Kristina and Hakan were married at the Villa Saudade in Galapagar, Madrid, in June. That only sounds simple. Beneath the surface - a centuries-old Turkish tradition of evil-eye bracelets, a kebab truck planted on a Spanish lawn, and a bride who picked every detail herself instead of leaving it to a wedding agency.

Kristina had lived in New York for years. When she decided to marry Hakan, a Turk from Istanbul, they returned to Madrid for the ceremony. Madrid as compromise - not her New York, not his Turkey. „We wanted a place that was foreign to both of us in its own way, but close to both worlds. Madrid fit in that sense."

The wedding dress was made by Fátima González Atelier - a rustic cut, silk fabric, no overcomplicated structure. „I wanted a dress I could wear all day and forget what I had on," Kristina says. „I didn't want a corset that wouldn't let me sit." The bouquet - wildflowers she picked herself in a meadow. Not white roses, not callas.
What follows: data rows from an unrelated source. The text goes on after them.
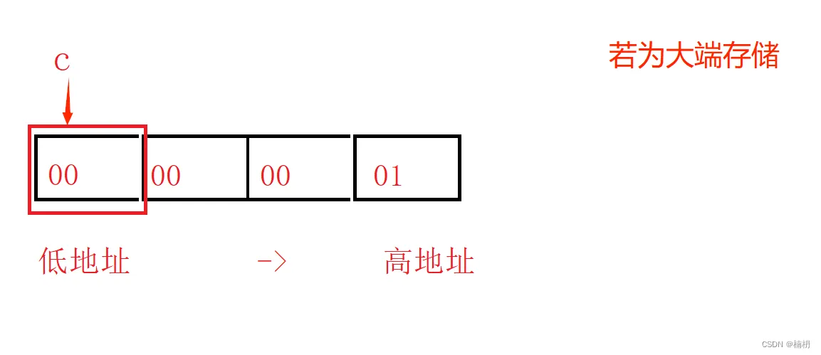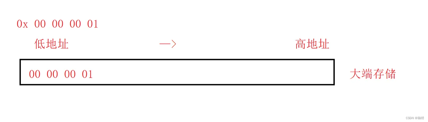 大端存储模式:数据的低位保存在内存的高地址中,数据的高位保存在内存的低地址中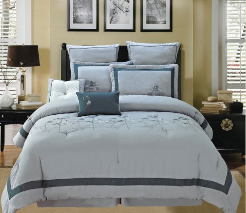 RT Designers Collection Spring Hill 8-Piece Comforter Set, Queen, Silver Feature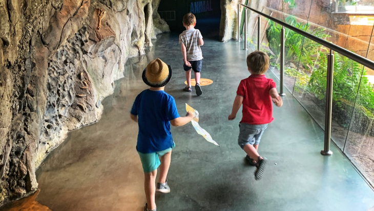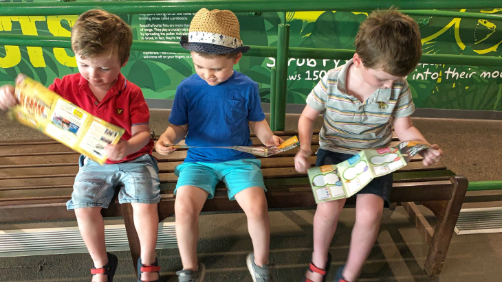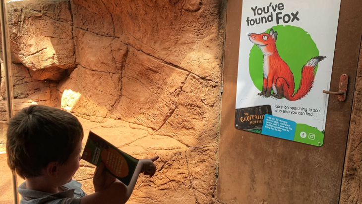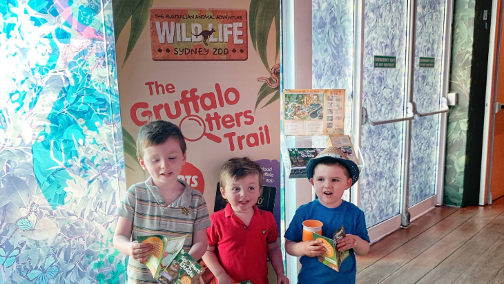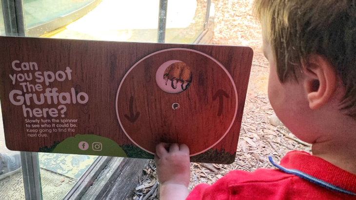 My friend and I prepped our boys the night before by rereading The Gruffalo, a firm family favourite. When we arrived at WILD LIFE Sydney Zoo, the kids each got an activity book they could fill in as they found different clues along the trail. There was always a bit of excitement when one of the characters was found, sometimes in an exhibit behind an animal. Along the way there were also a few hands-on activities such as a wheel the kids could turn and see parts of the Gruffalo’s face. These could all be recorded on the activity book.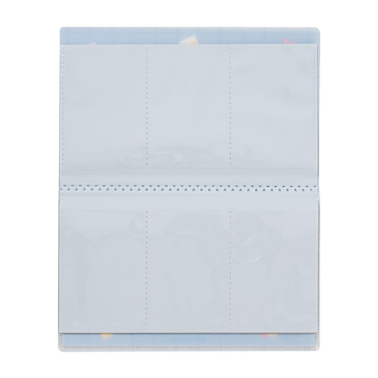 裏表紙の内側にはチケットなどを収納するのに便利な大きめポケット付き。収納可能サイズ:約8.6×5.4cm※「チェキ」は富士フィルムの登録商標です。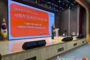 뉴스펀치 조평훈 기자 | 강원특별자치도교육청은 4월 14일 오전 10시 강원특별자치도교육청 6층 대강당에서 전 직원을 대상으로 ‘다름의 이해, 마음의 이음’을 주제로 제46회 장애인의 날 기념행사를 개최했다. 이번 기념행사는 장애인식개선 교육과 연계하여 진행됐으며, 발달장애인과 비장애인이 함께하는 통합오케스트라 ‘아인스바움’의 공연으로 구성됐다. 아인스바움은 ‘하나의 나무’라는 뜻을 가진 사회적 기업으로 장애인, 비장애인, 경계선지능인 등 다양한 구성원이 음악을 통해 진정한 사회통합 모델을 보여주는 단체이다. ‘음악으로 이야기하는 다양성 존중 콘서트’는 발달장애인 인식개선 강사의 스토리텔링과 함께 통합오케스트라 연주, 타악기 퍼포먼스, 노래 등 다채로운 무대를 선보였다. 특히 발달장애인 강사의 유년기와 청소년기의 경험, 그리고 통합 오케스트라 활동을 통해 변화된 삶에 대한 이야기로 감동을 전하고 장애인과 비장이애인이 함께 하나의 선율을 만들어내는 과정을 통해 교직원들이 서로의 다름을 존중하고 사회통합의 필요성을 직접 체감할 수 있는 시간을 가졌다. 장애인의 날을 기념하여 각급학교에서는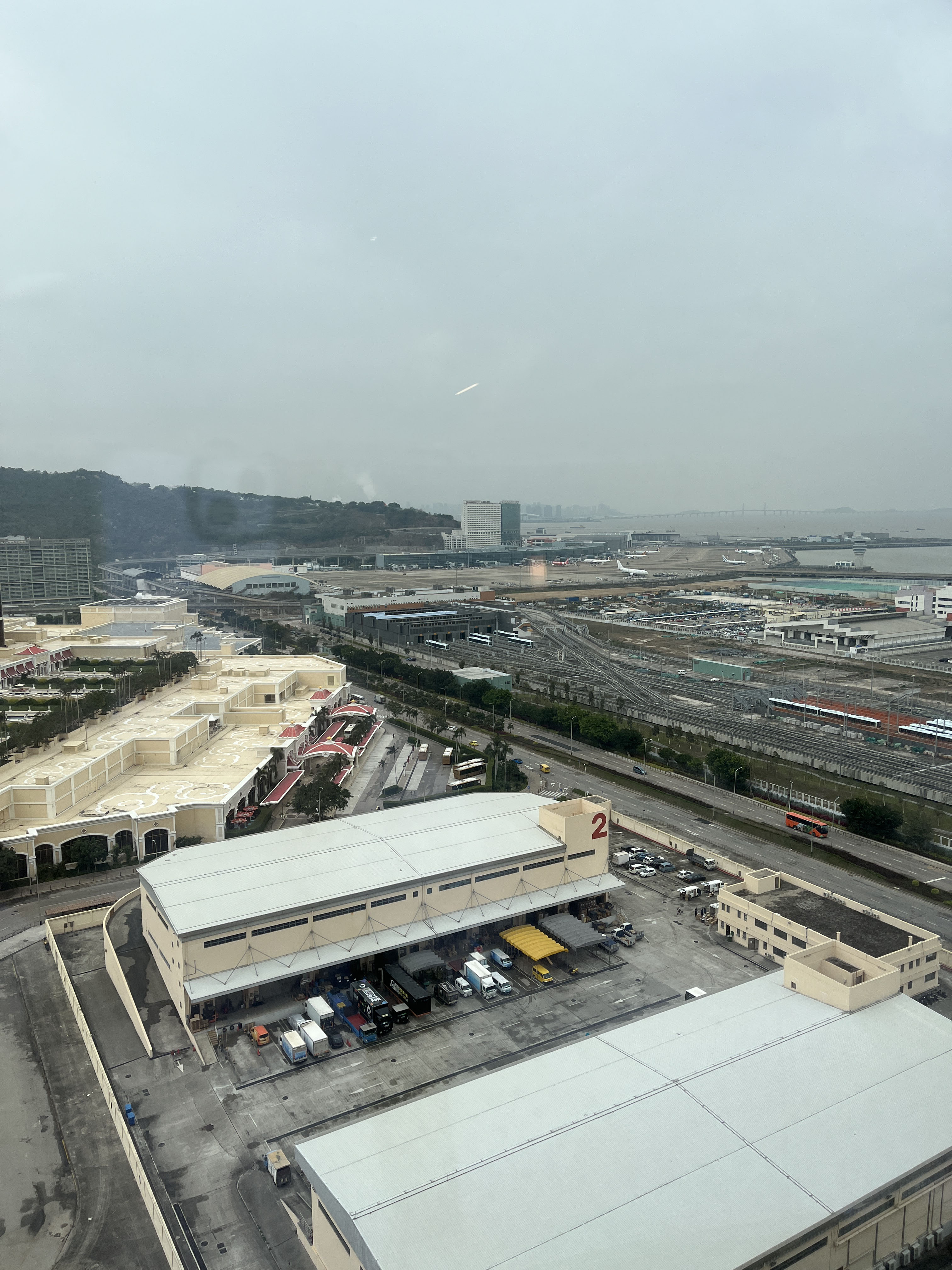 何よりうれしかったのは眺望でした。ストリップ側とは逆なので一般的には外れなのかもしれませんが、空港とLRTの車両基地、港珠澳大橋が一望できて、乗り物好きの私としては大満足でした。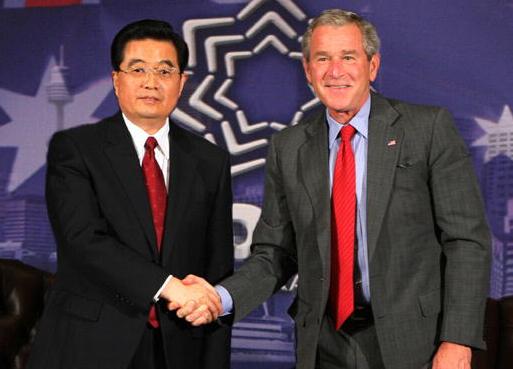 | 胡布记者会,透露出来的整体氛围,却是一个和平崛起的中国,和一个身陷北韩伊朗争议的美国之对比。(图片来源:中评网) |

The Turkish elements were precisely scattered through the wedding. The little guest gifts were bracelets with the „nazar" - the Turkish eye against bad luck - made in Istanbul and brought over specially. At the formal dinner, parallel to classic Spanish jamón, a kebab truck showed up with authentic dishes. Guests lined up for a durum in one hand and a glass of Rioja in the other. A scene that would have caught some great-grandmother completely off guard.

For „something old and blue," Kristina carried a bracelet that had belonged to her late mother-in-law - Turkish silver jewellery with a blue stone. Tucked inside the bouquet, hidden from view but known to her. Those personal symbols are what separate weddings by memory from weddings by photo album.
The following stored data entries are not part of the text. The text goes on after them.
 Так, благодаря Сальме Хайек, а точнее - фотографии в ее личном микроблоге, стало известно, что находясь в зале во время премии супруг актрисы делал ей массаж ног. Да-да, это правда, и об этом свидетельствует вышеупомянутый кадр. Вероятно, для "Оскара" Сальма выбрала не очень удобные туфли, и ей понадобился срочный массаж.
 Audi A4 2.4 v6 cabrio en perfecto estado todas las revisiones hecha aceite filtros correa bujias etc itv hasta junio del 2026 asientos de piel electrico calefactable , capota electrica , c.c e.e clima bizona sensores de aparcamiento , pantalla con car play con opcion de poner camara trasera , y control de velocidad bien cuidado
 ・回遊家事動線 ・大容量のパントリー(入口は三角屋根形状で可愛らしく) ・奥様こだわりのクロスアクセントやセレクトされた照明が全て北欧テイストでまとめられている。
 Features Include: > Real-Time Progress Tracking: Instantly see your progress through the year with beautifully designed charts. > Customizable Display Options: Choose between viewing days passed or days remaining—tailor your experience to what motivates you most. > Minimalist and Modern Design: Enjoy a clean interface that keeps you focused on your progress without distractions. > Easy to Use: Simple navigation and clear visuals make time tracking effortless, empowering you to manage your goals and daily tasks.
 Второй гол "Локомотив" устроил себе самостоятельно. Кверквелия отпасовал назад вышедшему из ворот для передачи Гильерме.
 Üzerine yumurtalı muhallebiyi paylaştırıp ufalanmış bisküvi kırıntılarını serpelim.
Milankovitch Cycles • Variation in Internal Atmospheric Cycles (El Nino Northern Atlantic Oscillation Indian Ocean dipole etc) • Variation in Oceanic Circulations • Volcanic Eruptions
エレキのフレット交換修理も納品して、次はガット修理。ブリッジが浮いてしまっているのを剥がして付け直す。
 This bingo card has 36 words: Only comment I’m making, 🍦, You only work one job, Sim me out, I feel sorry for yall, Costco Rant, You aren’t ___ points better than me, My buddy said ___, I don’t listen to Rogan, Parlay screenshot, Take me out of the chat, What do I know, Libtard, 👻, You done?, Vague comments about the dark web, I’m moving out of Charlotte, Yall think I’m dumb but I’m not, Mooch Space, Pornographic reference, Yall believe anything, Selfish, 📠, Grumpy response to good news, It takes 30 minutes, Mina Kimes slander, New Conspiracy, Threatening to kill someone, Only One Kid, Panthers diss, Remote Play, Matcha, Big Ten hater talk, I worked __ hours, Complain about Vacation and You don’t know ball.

The place cards and seating chart were embroidered with flowers from Little Catalina. Imperial tables, natural linen, greenery hanging across the aisles. The wedding planner was Pilar of Miluca - who coordinated the details rather than dictating them. That's the difference from a standard modern wedding - a guide, not a designer. „I knew exactly what I wanted," the bride says. „I'd been to five weddings where I felt like a guest in a movie. I didn't want mine to be a movie."